Вот приехал я раз в деревню Лужки, и сразу пошел на мостик.
А тут ветер поднялся. Заскрипел висячий мостик, закачался.
Закружилась у меня голова, и захотелось подпрыгнуть, и я вдруг...
подпрыгнул, и показалось - взлетел.
Далекие я увидел поля, великие леса за полями, и речка Истра разрезала
леса и поля излучинами-полумесяцами, чертила по земле быстрые узоры.
Захотелось по узорам полететь к великим лесам, но тут послышалось:
- Эй! (По мостику шел какой-то старик с палкой в руке.) Ты чего тут
прыгаешь?
- Да летаю.
- Тоже мне жаворонок! Совсем наш мостик расшатали, того гляди,
оборвется. Иди-иди, на берегу прыгай!
И он погрозился палкой.
Сошел я с мостика на берег.
"Ладно, - думал я. - Не все мне прыгать да летать. Надо и приземляться
иногда".
В тот день я долго гулял по берегу Истры и вспоминал зачем-то своих
друзей. Вспомнил и Леву, и Наташу, вспомнил маму и брата Борю, а еще
вспомнил Орехьевну.
Приехал домой, на столе - письмо. Орехьевна мне пишет:
"Я бы к тебе прилетела на крылышках. Да нет крыльев у меня".

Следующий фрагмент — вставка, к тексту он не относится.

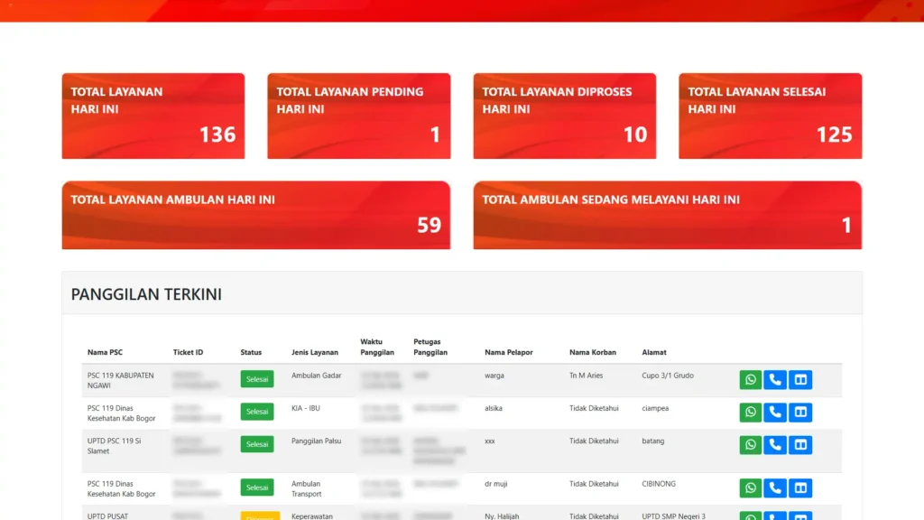 PSC 119 merupakan sistem integrasi layanan kegawatdaruratan medis yang dirancang sebagai garda terdepan dalam menyelamatkan nyawa masyarakat. Project ini fokus pada pembangunan infrastruktur komunikasi dan koordinasi yang menghubungkan laporan darurat dari masyarakat secara langsung dengan pusat komando, armada ambulans, dan fasilitas pelayanan kesehatan (fasyankes). Dengan mengedepankan prinsip time-saving is life-saving, platform ini memastikan bahwa setiap panggilan darurat mendapatkan respon medis yang tepat dalam waktu sesingkat mungkin. Sistem ini mengintegrasikan teknologi pelacakan lokasi dan manajemen armada untuk memobilisasi petugas terdekat menuju lokasi kejadian dengan akurasi tinggi.
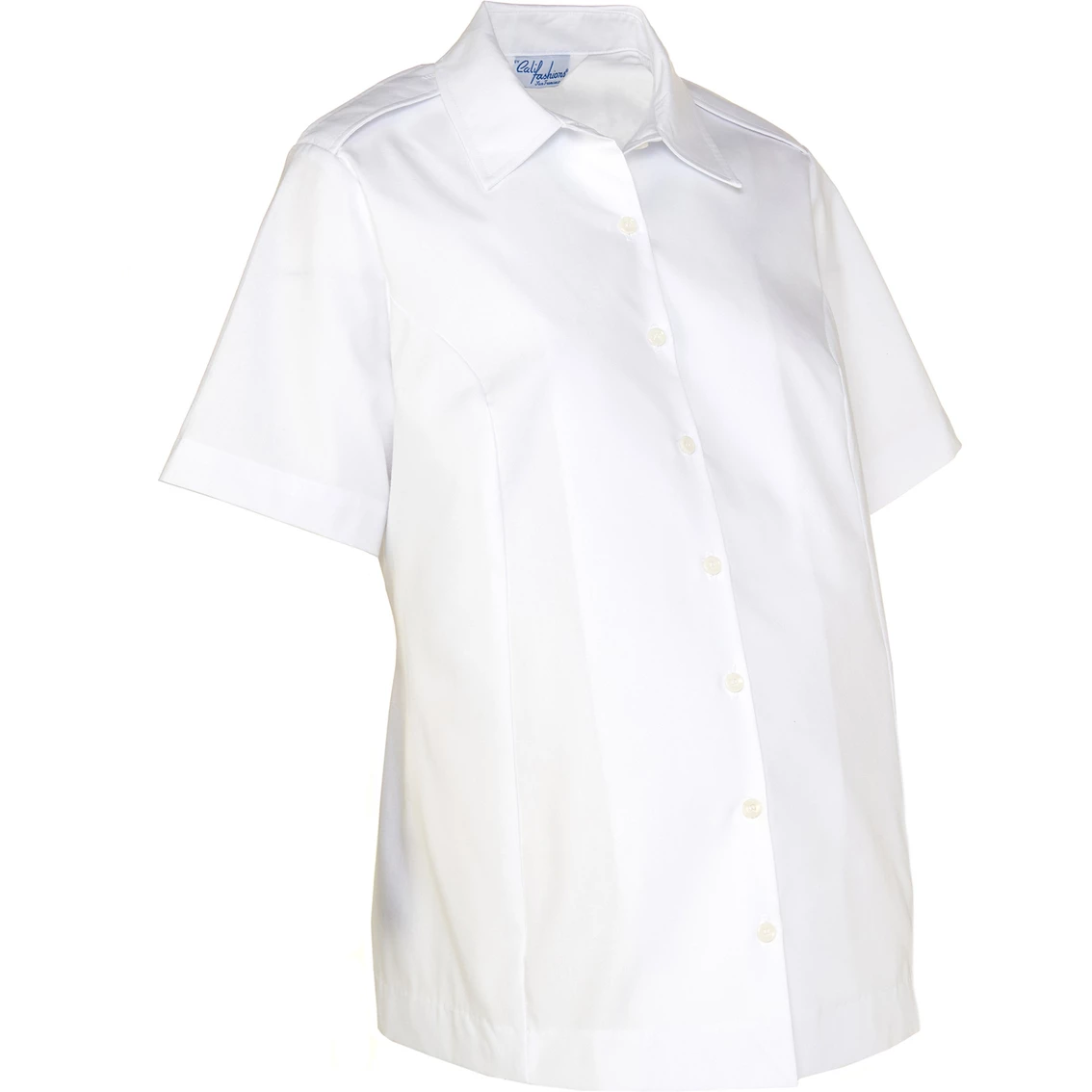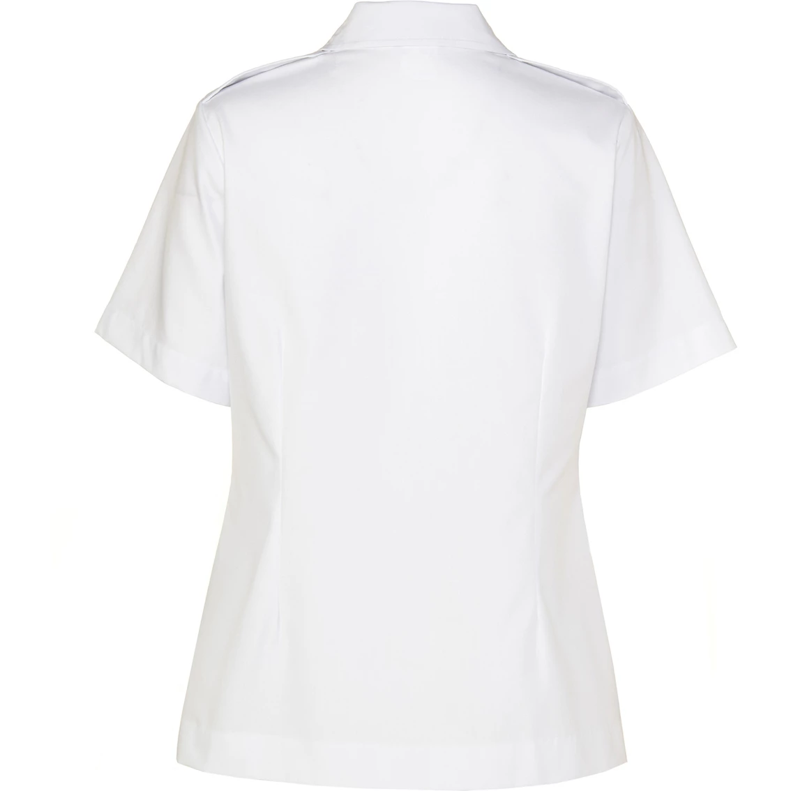 This short-sleeved Air Force maternity shirt design is semi-tailored with a button front, princess lines, a convertible collar, fisheye darts in the back and buttoned epaulets. This overblouse is crafted from a soft poly cotton blend for guaranteed comfort. Style: 3062SSDC.
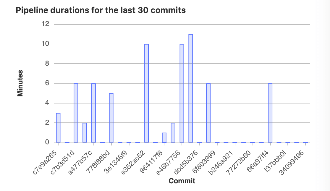 The lead time for changes chart shows information about how long it takes for merge requests to be deployed to a production environment. This chart is available for groups and projects.
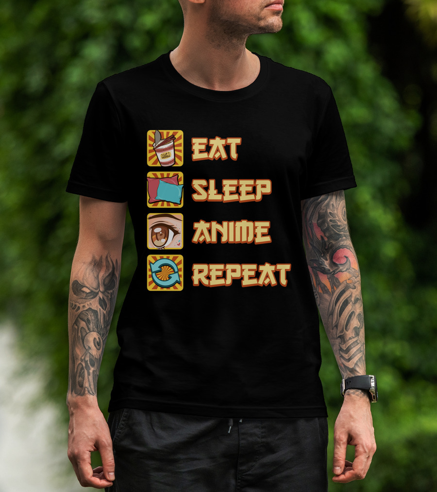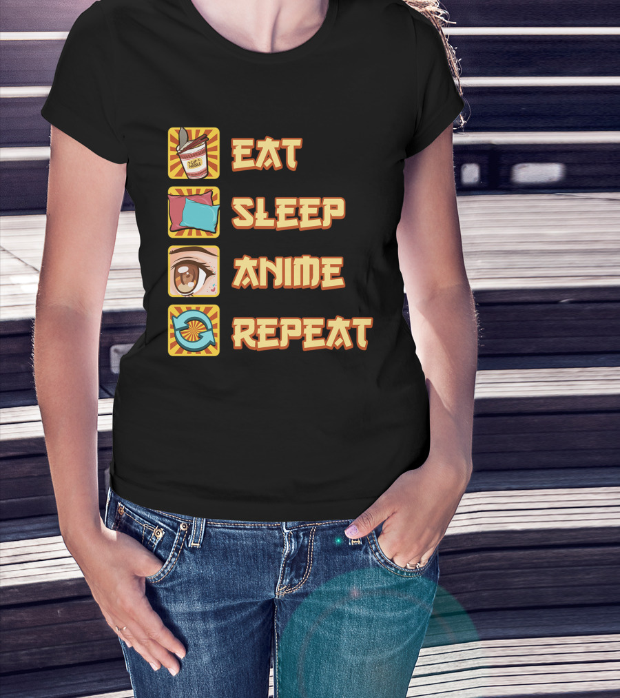 Eat Sleep Anime Repeat Icons Fun T-Shirt
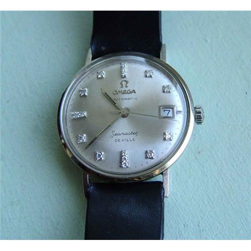 Clean vintage 14kt white gold gentleman's Omega Seamaster De Ville automatic wristwatch with sleek and slender lugs, a diamond hour designation silver tone dial, pointed hands, sweep seconds as well as date function, Omega insignia crown. Size: 33.70mm case diameter.
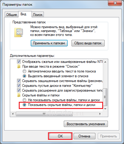 Переходимо до ручного видалення, для цього нам потрібно, щоб всі системні і приховані файли відображалися в папках. Для цього відкриваємо будь-яку папку, натискаємо Alt, потім переходимо в Сервіс — властивості папки — Вид і ставимо галочку навпроти пункту «Показувати приховані файли і папки«, як показано на скріні нижче.
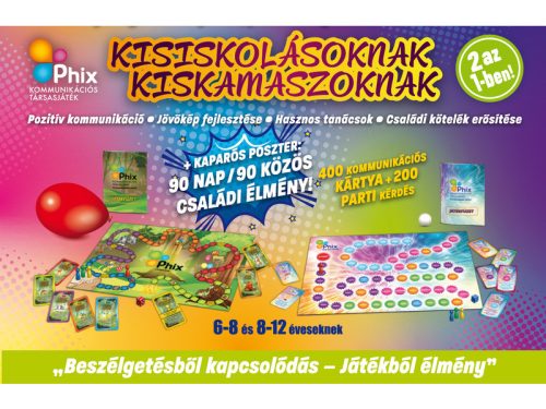 PHIX kommunikációs társasjáték – Beszélgetésből kapcsolódás, játékból élmény A PHIX egy különleges kommunikációs társasjáték, amely játékos formában segíti a gyermekek érzelmi fejlődését, önkifejezését és önbizalmának erősítését. Pszichológusok és fejlesztőpedagógusok közreműködésével készült, hogy valódi beszélgetések és közös élmények révén erősítse a családi kapcsolatokat. A több mint 400 kommunikációs kártya, a játékos kérdések és feladatok, valamint a 90 napos kaparós családi program plakát minden alkalommal új élményt kínál. A TSMT mozgásos feladatok játékosan fejlesztik a finommotorikát, a koordinációt és a testtudatot is. A két korosztály számára készült kártyacsomag lehetővé teszi, hogy a gyerekek együtt játsszanak, tanuljanak egymástól, és közben fejlődjön kommunikációjuk és érzelmi intelligenciájuk. A PHIX nem versenyről szól, hanem a közös nevetésről, figyelemről és az egymással töltött minőségi időről. Tovább olvasom Bezár
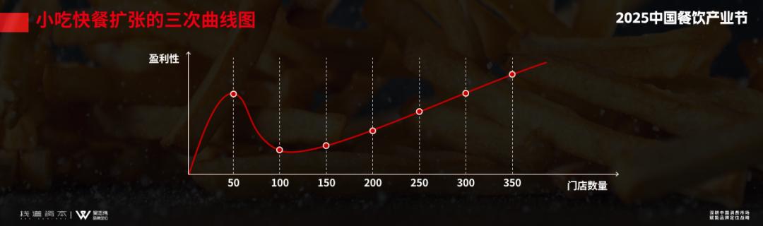 我总结了小吃快餐扩张的三次曲线图,最开始有十几家门店、二三十家门店是最舒服的,因为这些门店都集中在一个城市,老板一个人就能管理过来,也不需要专业的供应链支持,所以成本很低,利润很高。
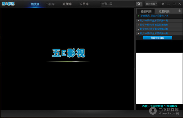 软件名称:五E影视|五E影视 V8.0 官方版 软件大小:8539KB 软件语言:简体中文 软件类别:媒体播放/免费软件/媒体播放 运行环境:Win2003, WinXP, Win2000, Vista, Win7 软件简介: 五E影视是一款能够在线播放电影的播放器,这款播放器采用P2P点播方式,播放速度极快,无需任何等待。这款播放器具有完全免费、内容每天更新、画面高清等特点。 五E影视|五E影视 V8.0 官方版 下载 五E影视|五E影视 V8.0 官方版 迅雷下载 下载页面:http://www.downxia.com/downinfo/38819.html
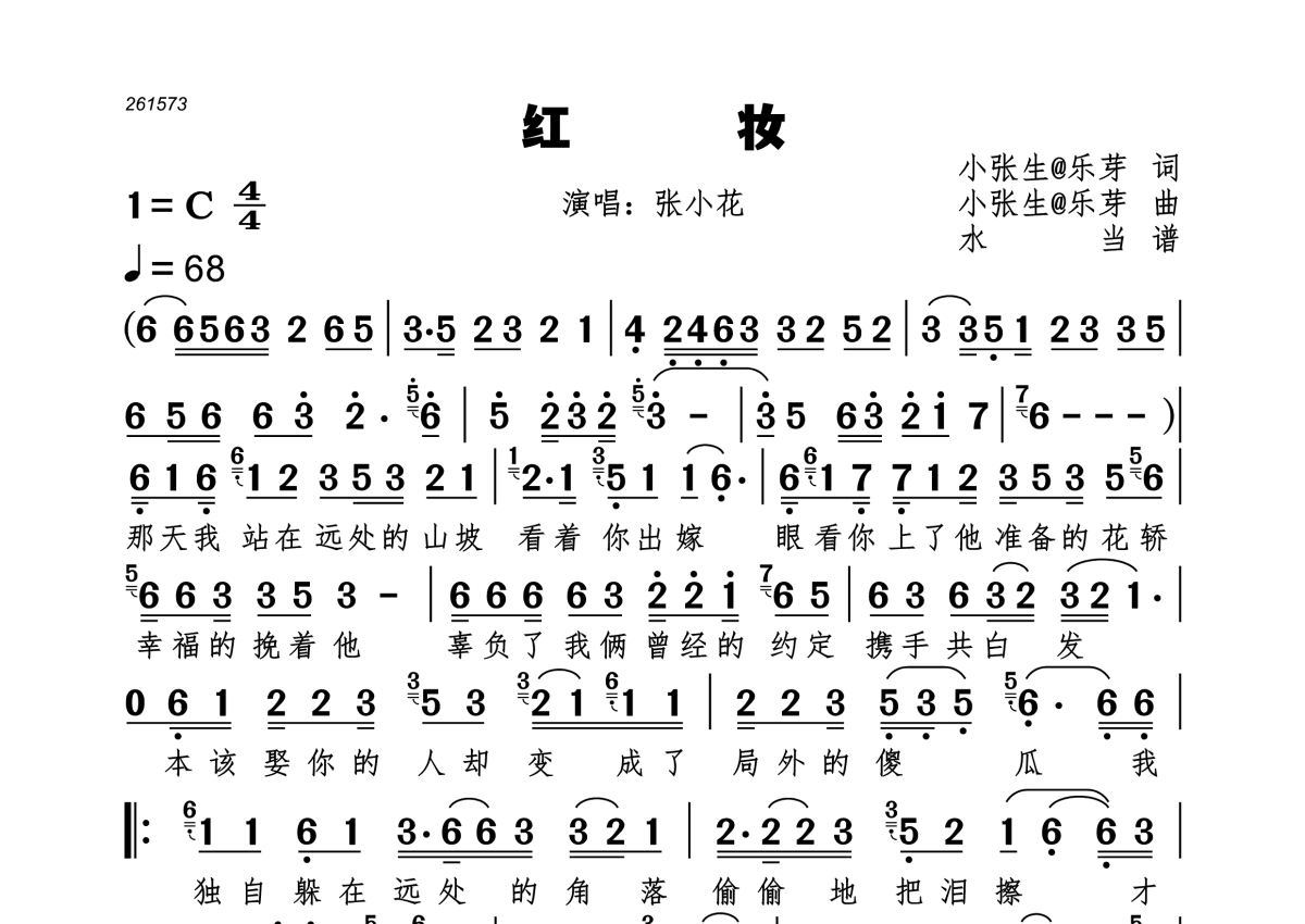 《红妆》是张小花演唱的一首歌曲,拍号为4/4拍,歌曲速度为每分钟68拍,这份简谱共有一张高清图谱,图谱由 @水当 编配上传。
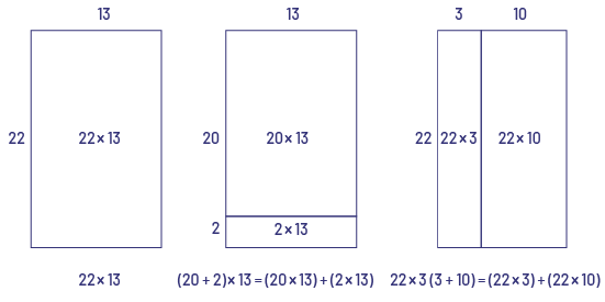 \(22 \times 13 = (20 \times 13) + (2 \times 13) \) or
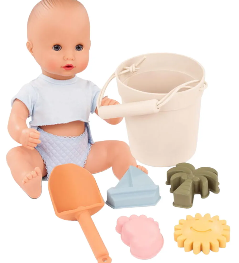 Sød Götz dukke med et fint blåt sæt, samt medfølger der et strandsæt i silikone der indeholder følgende:
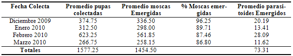 Entre las especies de moscas (Diptera) encontrados se identificó a Themira sp. Robineau-Desvoidy (Sepsidae), Fannia sp. Robineau-Desvoidy (Muscidae), y M. domestica Linneo (Muscidae), que emergieron de los potreros, Leptocera sp., Olivier (Sphaeroceridae), Physiphora sp., Fallén (Ulidiidae), que emergieron de las pilas. Todos los parasitoides que emergieron de la cría de moscas pertenecen al orden Hymenoptera, y son endoparasitoides pupales, los mismos fueron identificados como Spalangia imitator Gibson y Spalangia cameroni Perkins (Pteromalidae), Trichopria sp., Ashmead (Diapriidae) y Kleidotoma sp., Westwood (Figitidae). Aunque no era el objetivo del trabajo se determinó que el grado de parasitoidismo en todos los casos, fue bastante bajo (<5%) (Tabla 1), aspecto que se atribuye a las fechas en que se realizaron las tomas de muestras, que correspondieron plenamente a la época de sequía en nuestro país, donde la incidencia de moscas es baja.
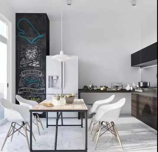 在極簡主義風(fēng)格的餐廳中,使用一面黑板墻等創(chuàng)意元素,增添個(gè)人風(fēng)格特色。
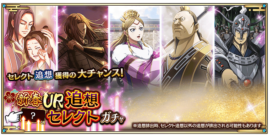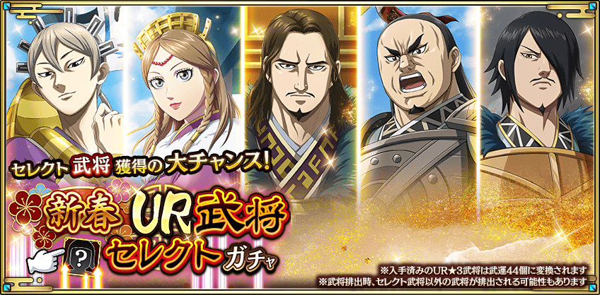 複数のUR武将が排出対象となるセレクトガチャを開催!選んだ武将の排出率を上昇させ、効率よく獲得・強化しよう!※排出率を上昇させたUR武将以外も排出される可能性があります
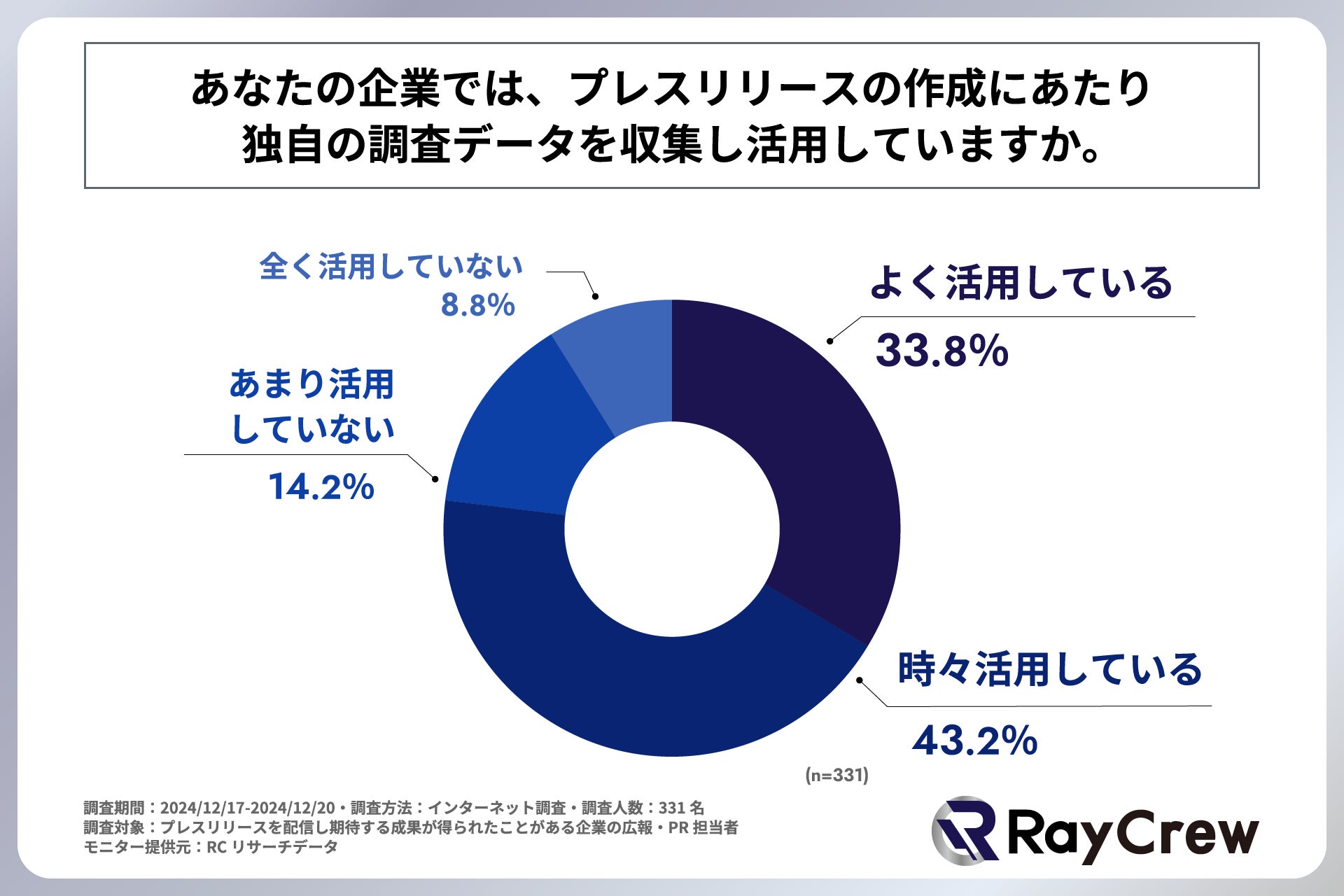 また、「プレスリリースの作成にあたり、企業で独自の調査データを収集し活用しているか」を尋ねる設問の回答では、「時々活用している」が最も多く43.2%、次に「よく活用している」が33.8%で続く結果となりました。1位と2位の回答を合計すると回答率は77%となり、プレスリリースで期待する成果を得られている企業の大半が、プレスリリースの作成にあたり、独自の調査データを収集し活用している、ということが判明しました。

- Герасим Грачевник грачей пригнал! - закричали на улице соседские
ребята, и я выскочил на крыльцо - поглядеть, в чем дело.
По дороге ходили грачи - прилетели наконец.
А никакого Герасима видно не было. У нас и в деревне-то нет ни одного
Герасима.
Это день сегодняшний так назывался - Герасим Грачевник. Не какой-нибудь
понедельник или четверг, а - Герасим. Весь день - и раннее утро, и будущий
вечер, и небо, и лужи на дорогах, и подтаявший снег, - весь день был
Герасим. А взошедшее солнце было его головой.
Грачи походили по дороге и полетели к березам, где остались у них
прошлогодние гнезда.
Не знаю: почему это грачи так любят березы? Наверное, тянет их, черных,
светлая кора. И ведь не только грачей тянет к березам. А иволги-то? А чижи?
Да и меня-то самого тоже тянет к березам.
Заведу-ка я себе ручного грача и назову его - Герасим.
В тумане ольховый лес.
Глухо в лесу, тихо.
А я бегу - боюсь опоздать на утренний клев.
"Тии-вить, - слышится слева, - тии-вить".
"Почин! - думаю я на бегу. - Ну сейчас начнется!"
"Пуль,
пуль,
пуль,
пуль,
пуль!"
Пулькает! Здорово пулькает!
"Клы,
клы,
клы,
клы,
клы!"
Клыкает! Во как клыкает!
"Плен,
плен,
плен,
плен,
плен!"
Пленкает! Неплохо пленкает! Умеет!
Некогда мне, некогда, я бегу - боюсь опоздать на утренний клев.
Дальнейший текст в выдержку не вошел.